This thesis deals with the separation of mixed speech signals from a single acquisition channel; a problem that is commonly referred to as co-channel speech separation. The goal of the thesis is to present some contributions towards the design and implementation of a robust and enhanced co-channel speech separation system.
The phenomenon of co-channel speech commonly occurs due to the combination of speech signals from simultaneous and independent sources into one signal at the receiving microphone, or when two speech signals are transmitted simultaneously over a single channel. An efficient co-channel speech separation system is an important front-end component in many applications such as Automatic Speech Recognition (ASR), Speaker Identification (SID), and hearing aids.
The separation process of co-channel speech consists, mainly, of three stages: Analysis, Separation, and Reconstruction. The central separation stage represents the heart of the system in which the target speech is separated from the interfering speech. At the front, since the separation process works on one segment of co-channel speech at a time, a mean must be found in the analysis stage to accurately classify each segment into single or multi-speaker before separation. Precise estimation of each speaker's speech model parameters is another important task in the analysis stage. The speech signal of the desired speaker is finally synthesized from its estimated parameters in the reconstruction stage. In order to have a reliable overall speech separation system, improvements need to be achieved in all three stages.
This thesis introduces a classification algorithm that is capable of determining the voicing-state of co-channel speech. The algorithm uses some features of the reconstructed state-space of the speech data as a measure to identify the three voicingstates of co-channel speech; Unvoiced/Unvoiced (U/U), Voiced/Unvoiced (V/U), and Voiced/Voiced (V/V). The proposed method requires neither a priori information nor speech training data. Nonetheless, simulation results show enhanced performance in identifying the three voicing-states at different target-to-interference ratio (TIR) values as well as at different levels of background noise compared to other existing techniques.

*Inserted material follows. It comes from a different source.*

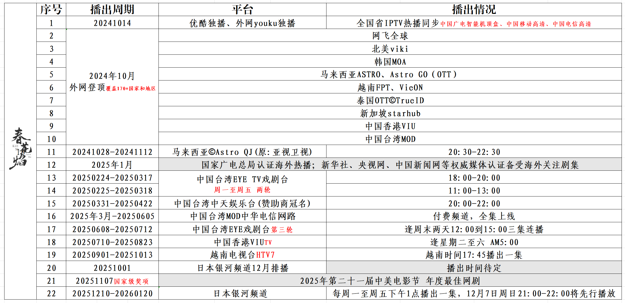《春花焰》12月10日起,日本银河频道播出(12月7日先行播放);

A time-domain method to precisely estimate the sinusoidal model parameters of co-channel speech is also presented. The method does not require the calculation of the discrete Fourier transform nor the multiplication by a window function which both degrade the estimate of the sinusoidal model parameters. The method incorporates a least-squares estimator and an adaptive technique to model and separate the cochannel speech into its individual speakers. The application of this method on speech data demonstrates the effectiveness of this method in separating co-channel speech signals with different TIRs.